The first two singles, "Cold Fear" and "Creepin", recall the Sisters of Mercy and Daydream Nation-era Sonic Youth, respectively, both fashioning a frigid atmosphere as well as exhibiting the album's most conventional pop hooks. "Cult of Moloch", "Will of the Devil", and "White Rose" are also characterized, to an extent, by an approach drawn from post-punk. This is particularly so in the austere drumming which occasionally sounds simpler than that of even Doktor Avalanche, the name the Sisters of Mercy gave to their drum machine. But with this trio of songs, there is a greater devotion to pulling up a melody, creating a narrow tunnel around it, and setting it off with a sense of motion for a period of contemplation and assimilation. These three songs are highlights, and they appear together in a sequence at the end of the album, combining for nearly 24 minutes.

"White Rose" is the most charismatic expression of the band’s approach to psychedelic musical arrangement, the most uncompromising at ten minutes, with no wasted moments, and it achieves a graceful, somnolent rapture. It opens with the sound of slashing wind and a steady unchanging beat, for a moment conjuring an uncanny resemblance to "L.A. Woman" by the Doors. In no hurry, the band introduces a melodic phrase and just repeats it, as if imparting to the listener a single pattern for consumption and the time to digest it. The song exhibits no multifaceted approach to composition and does not develop themes that foreshadow and allude over the course of its running time. It merely establishes a mood and, if the listener is on-board with Moon Duo, a sustained suspension of outside things.

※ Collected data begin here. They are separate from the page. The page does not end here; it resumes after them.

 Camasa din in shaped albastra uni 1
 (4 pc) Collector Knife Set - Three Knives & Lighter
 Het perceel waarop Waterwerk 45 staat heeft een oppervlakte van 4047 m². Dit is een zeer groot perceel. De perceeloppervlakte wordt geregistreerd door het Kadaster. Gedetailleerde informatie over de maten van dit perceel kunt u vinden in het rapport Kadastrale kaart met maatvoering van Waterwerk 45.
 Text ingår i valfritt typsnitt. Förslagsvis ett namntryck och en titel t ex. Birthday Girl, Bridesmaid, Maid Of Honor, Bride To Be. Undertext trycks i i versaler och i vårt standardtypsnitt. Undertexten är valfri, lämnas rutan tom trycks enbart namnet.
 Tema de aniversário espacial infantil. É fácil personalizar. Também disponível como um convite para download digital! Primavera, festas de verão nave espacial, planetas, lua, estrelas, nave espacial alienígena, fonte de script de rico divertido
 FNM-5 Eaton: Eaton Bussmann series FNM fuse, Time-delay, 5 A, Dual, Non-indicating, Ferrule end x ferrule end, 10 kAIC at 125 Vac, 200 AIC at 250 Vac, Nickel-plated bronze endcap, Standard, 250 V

There are two points mentioned above that invite additional scrutiny. The first point is the matter of simplicity. Whereas the highlights of Occult Architecture, Vol. 1 are artful in their simple arrangements and concepts, stretches of the album could be fairly characterized as too straightforward and simplistic. That is certainly the case for "Cross-Town Fade", an almost eight-minute song with no hook, no allure, and unfortunate in its mid-album sequencing. The second point concerns the listener's willingness follow Moon Duo, and how far to follow them. One with an openness and patience for this type of music, undoubtedly, will be more willing and inclined to perceive their imagery, conceptual curiosities, and principles as opportunities to submit and to drift, rather than -- more prosaically, for others -- as skillful and accomplished psychedelia with occasional lapses into listlessness.